The Psychophysiology Research Laboratory (PRL) at NASA Ames Research Center has been engaged for several decades in the simultaneous measurement of multiple physiologic variables in humans in extreme environments. This work has been coupled with the development of countermeasure solutions for these same environments. Spaceflight is the primary focus of this work, but the work also extends to military field operations and clinical medicine.
During this work, the PRL has developed two notable technologies. The first is the Ambulatory Autogenic Feedback System-2, which is a garment containing the sensors needed to monitor selected physiologic signals in a field setting (Figure 4). The second is a training technique called Autogenic-Feedback Training Exercise (AFTE), which is the countermeasure approach used to improve tolerance and performance in extreme environments. This is based on the real-time assessment of up to 20 different physiologic measures (Table 1) for assessing the response in extreme environments and for use in training the individual to self-regulate biological function and performance (Figures 1-3). Both technologies have been deployed on astronauts in space environments and in novel performance contexts, such as the space shuttle and the Naval Aerospace Medical Institute (Figure 5).

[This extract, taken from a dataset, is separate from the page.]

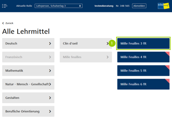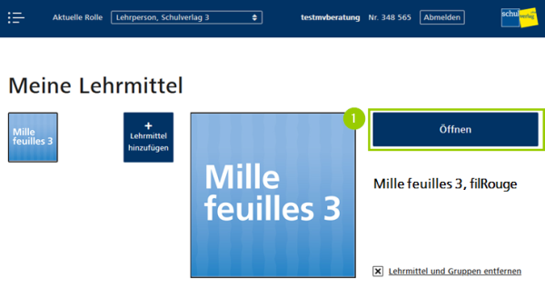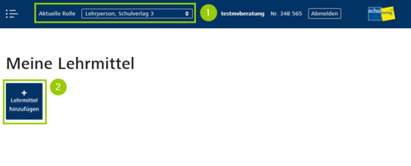 ausgewählt ist. Klick auf «Lehrmittel hinzufügen»

- Physiologic: autonomic nervous system, central nervous system
- Performance: cognitive, perceptual, neuromotor
- Subjective: mood, symptoms
Molecular Dynamics Beneath the Physiologic Phenotype
This extreme physiology work was also part of our (Schmidt MA et al.) two decades-long effort (and ongoing) to better describe the dynamic interaction between molecular networks and the physiologic phenotype we typically measure. It is evident that there is a progression wherein molecular networks underlie the physiologic, morphologic, and behavioral phenotypes. As such, when sensor systems are being deployed in the measurement of physiologic signals, it is the molecular networks that govern these signals. Of course, there is constant modulation of the molecular dynamics and the physiologic signals. But to better understand the dynamics of human performance and human disease, we must develop greater sophistication in describing these relationships. In short, we have been examining this linkage between molecular networks, physiologic phenotype, clinical phenotype, and performance phenotype. The physiologic signals are often highly enriched, meaning they are ripe with continuous variables that change over time. Simple molecular measures (targeted) in such enriched physiologic signal environments are not wholly informative. But the evolution of integrated omics methods (untargeted genomics, transcriptomics, proteomics, metabolomics, etc.) allows for enriched molecular signals that can be analyzed against the enriched physiologic signals. Data reduction techniques and multivariate modeling tools applied to these high dimensional data sets affords us the ability to better describe these patterns and help to identify potential actionable countermeasure targets (or therapeutic targets) in the molecular networks.